### TASK TO COMPLETE
Write out, word for word, every line in the data below from the one containing "Figure 2a shows" to the one containing "グリンピースごはん・牛乳・魚のごまフライ・大根とひじきのサラダ・くだもの", both of them included.

### DATASET CONTENT
=== Section Start ===
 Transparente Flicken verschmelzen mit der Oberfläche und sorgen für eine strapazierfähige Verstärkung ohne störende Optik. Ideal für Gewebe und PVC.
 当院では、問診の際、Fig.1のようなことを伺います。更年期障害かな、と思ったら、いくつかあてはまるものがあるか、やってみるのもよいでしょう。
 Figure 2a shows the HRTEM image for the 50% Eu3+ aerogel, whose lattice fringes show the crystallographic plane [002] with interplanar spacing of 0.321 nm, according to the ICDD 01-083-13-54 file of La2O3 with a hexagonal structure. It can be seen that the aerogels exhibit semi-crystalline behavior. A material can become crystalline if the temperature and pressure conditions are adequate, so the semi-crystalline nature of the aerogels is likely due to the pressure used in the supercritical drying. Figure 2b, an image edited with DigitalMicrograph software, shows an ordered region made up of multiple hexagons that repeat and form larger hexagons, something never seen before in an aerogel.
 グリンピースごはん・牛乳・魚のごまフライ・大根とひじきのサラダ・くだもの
=== Section End ===
=== Section Start ===
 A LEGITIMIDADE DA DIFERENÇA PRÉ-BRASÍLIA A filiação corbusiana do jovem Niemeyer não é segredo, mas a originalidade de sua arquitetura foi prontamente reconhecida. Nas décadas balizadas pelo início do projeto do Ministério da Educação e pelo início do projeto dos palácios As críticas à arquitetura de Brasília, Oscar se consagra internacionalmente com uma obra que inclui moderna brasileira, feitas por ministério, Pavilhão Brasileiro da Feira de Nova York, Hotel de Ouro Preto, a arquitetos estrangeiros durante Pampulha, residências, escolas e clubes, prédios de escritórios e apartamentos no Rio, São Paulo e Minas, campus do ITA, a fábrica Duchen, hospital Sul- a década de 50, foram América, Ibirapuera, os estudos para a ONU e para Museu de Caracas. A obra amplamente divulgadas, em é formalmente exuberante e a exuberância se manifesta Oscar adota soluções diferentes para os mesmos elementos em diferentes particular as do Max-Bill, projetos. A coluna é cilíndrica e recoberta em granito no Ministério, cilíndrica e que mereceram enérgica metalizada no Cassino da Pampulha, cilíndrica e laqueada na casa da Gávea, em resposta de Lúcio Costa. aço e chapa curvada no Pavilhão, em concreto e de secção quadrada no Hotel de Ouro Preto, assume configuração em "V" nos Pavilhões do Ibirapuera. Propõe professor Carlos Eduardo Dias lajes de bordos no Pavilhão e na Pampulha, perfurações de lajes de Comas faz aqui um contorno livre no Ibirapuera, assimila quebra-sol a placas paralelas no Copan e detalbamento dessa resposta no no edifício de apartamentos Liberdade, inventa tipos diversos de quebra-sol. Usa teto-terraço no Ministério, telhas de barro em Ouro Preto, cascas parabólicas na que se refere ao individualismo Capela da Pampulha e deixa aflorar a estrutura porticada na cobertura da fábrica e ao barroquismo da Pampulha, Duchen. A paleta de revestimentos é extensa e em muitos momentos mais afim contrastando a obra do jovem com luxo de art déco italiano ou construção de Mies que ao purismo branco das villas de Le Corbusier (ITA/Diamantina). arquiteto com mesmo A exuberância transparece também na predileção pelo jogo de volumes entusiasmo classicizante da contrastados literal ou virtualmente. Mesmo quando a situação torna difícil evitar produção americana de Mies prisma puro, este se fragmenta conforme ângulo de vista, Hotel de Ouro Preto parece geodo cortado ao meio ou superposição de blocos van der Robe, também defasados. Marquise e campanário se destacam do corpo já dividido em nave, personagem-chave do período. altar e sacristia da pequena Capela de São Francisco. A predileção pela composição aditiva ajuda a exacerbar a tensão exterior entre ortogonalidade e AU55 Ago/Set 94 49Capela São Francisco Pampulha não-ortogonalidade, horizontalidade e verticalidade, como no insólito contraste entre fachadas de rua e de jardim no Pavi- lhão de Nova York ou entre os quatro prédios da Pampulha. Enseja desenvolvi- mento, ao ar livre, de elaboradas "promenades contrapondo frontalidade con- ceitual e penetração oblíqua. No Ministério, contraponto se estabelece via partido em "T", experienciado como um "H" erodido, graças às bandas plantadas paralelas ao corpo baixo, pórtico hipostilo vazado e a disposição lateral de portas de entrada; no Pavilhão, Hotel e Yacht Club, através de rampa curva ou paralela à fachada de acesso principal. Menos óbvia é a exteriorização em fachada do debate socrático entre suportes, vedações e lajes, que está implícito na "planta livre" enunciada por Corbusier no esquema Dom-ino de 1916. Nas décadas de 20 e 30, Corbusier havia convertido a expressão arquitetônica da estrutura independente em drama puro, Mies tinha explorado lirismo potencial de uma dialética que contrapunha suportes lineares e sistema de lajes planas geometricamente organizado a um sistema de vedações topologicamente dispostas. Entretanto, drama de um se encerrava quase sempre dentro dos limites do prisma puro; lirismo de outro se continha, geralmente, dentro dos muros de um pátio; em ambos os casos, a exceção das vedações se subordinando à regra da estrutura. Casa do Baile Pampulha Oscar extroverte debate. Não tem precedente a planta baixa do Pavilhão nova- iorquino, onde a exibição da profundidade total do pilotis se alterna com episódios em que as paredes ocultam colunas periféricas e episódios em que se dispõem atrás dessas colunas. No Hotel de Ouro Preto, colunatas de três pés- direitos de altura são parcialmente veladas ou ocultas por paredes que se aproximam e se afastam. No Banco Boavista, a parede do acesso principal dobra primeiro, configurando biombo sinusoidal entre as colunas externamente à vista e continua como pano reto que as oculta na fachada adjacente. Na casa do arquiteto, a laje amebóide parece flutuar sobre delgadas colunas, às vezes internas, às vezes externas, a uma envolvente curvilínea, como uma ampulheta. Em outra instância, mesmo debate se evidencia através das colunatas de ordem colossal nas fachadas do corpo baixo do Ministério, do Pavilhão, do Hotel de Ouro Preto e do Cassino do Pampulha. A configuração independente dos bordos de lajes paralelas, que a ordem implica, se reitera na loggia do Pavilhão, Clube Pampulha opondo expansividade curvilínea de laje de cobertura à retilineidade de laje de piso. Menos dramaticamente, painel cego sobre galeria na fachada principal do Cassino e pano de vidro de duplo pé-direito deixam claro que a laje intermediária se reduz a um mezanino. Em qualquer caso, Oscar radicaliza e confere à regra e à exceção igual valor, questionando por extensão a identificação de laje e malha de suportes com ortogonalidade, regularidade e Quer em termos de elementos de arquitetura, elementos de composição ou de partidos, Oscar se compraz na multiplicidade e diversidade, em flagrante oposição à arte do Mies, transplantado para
=== Section End ===
### YOUR SOLUTION
 Figure 2a shows the HRTEM image for the 50% Eu3+ aerogel, whose lattice fringes show the crystallographic plane [002] with interplanar spacing of 0.321 nm, according to the ICDD 01-083-13-54 file of La2O3 with a hexagonal structure. It can be seen that the aerogels exhibit semi-crystalline behavior. A material can become crystalline if the temperature and pressure conditions are adequate, so the semi-crystalline nature of the aerogels is likely due to the pressure used in the supercritical drying. Figure 2b, an image edited with DigitalMicrograph software, shows an ordered region made up of multiple hexagons that repeat and form larger hexagons, something never seen before in an aerogel.
 グリンピースごはん・牛乳・魚のごまフライ・大根とひじきのサラダ・くだもの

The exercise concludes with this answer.